MicroStrategy’s parent company Strategy Inc. (NASDAQ: MSTR), still widely known by its former name MicroStrategy, is having another bruising session on Thursday, November 20, 2025. The Bitcoin‑heavy stock is trading near fresh 52‑week lows, faces the prospect of being kicked out of major MSCI indexes, and yet is still attracting big institutional buyers such as U.S. state pension funds.

Below is a complete, news‑driven look at MSTR today for Google News and Discover readers.


MSTR stock today: price, range and volatility

By late trading on November 20, MSTR is changing hands around $178 per share, down roughly 4–5% from Wednesday’s close near $186.50. Intraday, the stock has swung between about $171.5 and $194.5, underlining just how volatile it has become.

Key snapshot for Nov. 20, 2025:

  • Last price: about $178
  • Previous close (Nov. 19): ~$186.5
  • Intraday range: roughly $171.5 – $194.5
  • Two‑day move: from above $200 on Tuesday to the low $170s today
  • Market cap: in the low‑$50 billion range, depending on the data provider

On Wednesday, MSTR hit a 52‑week low around $181.73 and closed near $186.50 after previously finishing at $206.80, according to MarketBeat’s alert. Yahoo Finance data now show Thursday’s low near $171.48, marking yet another new low.

Over a longer horizon, several analyses agree on the same message: the stock has crashed from its mid‑July peak, down 40–60% over roughly the past four months as Bitcoin rolled over from record highs.
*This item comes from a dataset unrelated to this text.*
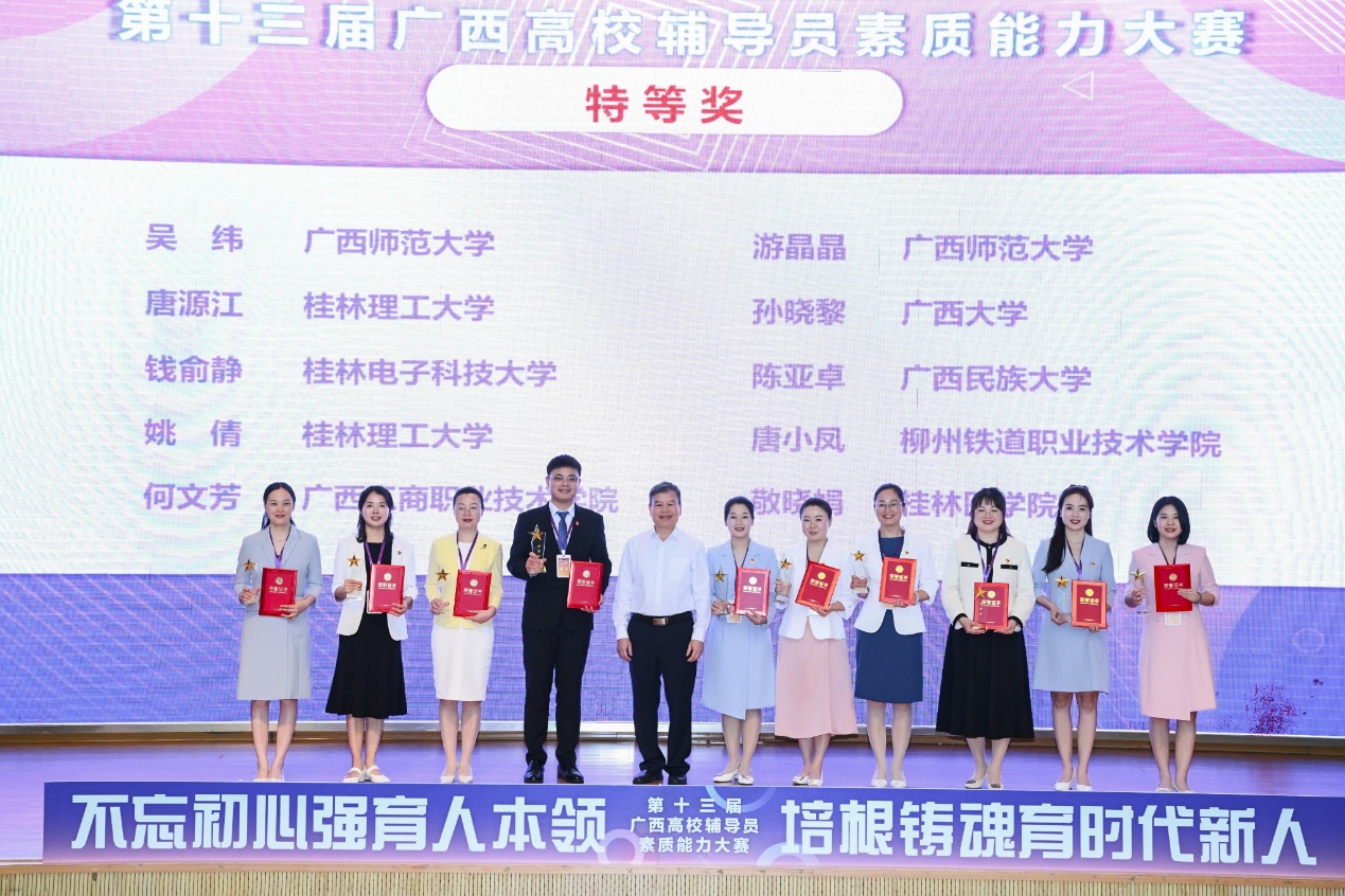 4月17至20日,由自治区教育厅主办,教育部高校思想政治工作队伍培训研修中心(广西师范大学)承办的第十三届广西高校辅导员素质能力大赛在广西师范大学举办。beat365官网团委书记、辅导员孙晓黎老师荣获大赛特等奖和案例研讨单项“最佳表现奖”。共有来自全区各高校的108名专职辅导员参赛。

With a beta above 2.5, MSTR remains one of the most volatile large‑cap equities tied to Bitcoin.


New 52‑week low – and a rare discount to the Bitcoin treasury

One of today’s most striking headlines: MSTR is now trading below the value of its own Bitcoin holdings, at least on a gross basis before debt. A CryptoPolitan report notes the stock has “crashed to [a] new 52‑week low, trading below the value of the BTC treasury.” Cryptopolitan

Here’s why that matters:

  • Strategy’s own “Purchases” page and recent coverage indicate the company now holds about 649,870–650,000 BTC on its balance sheet. Strategy+2CoinDesk+2
  • With Bitcoin currently around $86,700, that stack is worth roughly $56 billion at today’s spot price.
  • Meanwhile, most data providers put MSTR’s equity market cap in roughly the $50–54 billion range today.

That implies the market is valuing Strategy’s entire software business, its sizable analytics franchise, and other assets at close to zero – or even a discount – once the Bitcoin pile is accounted for, especially after factoring in convertible debt and preferred equity.

Earlier this month, CoinDesk noted that even after a sharp selloff, MSTR still traded at a premium to its Bitcoin holdings. The fact that newer reports now highlight a discount shows just how fast sentiment has flipped.


MSCI index review: JPMorgan flags up to $8.8 billion in potential outflows

The other dominant story today is index risk.

MSCI has launched a consultation on whether to exclude companies whose digital‑asset holdings exceed 50% of total assets from its flagship equity indexes. Strategy (MSTR) is explicitly in the crosshairs.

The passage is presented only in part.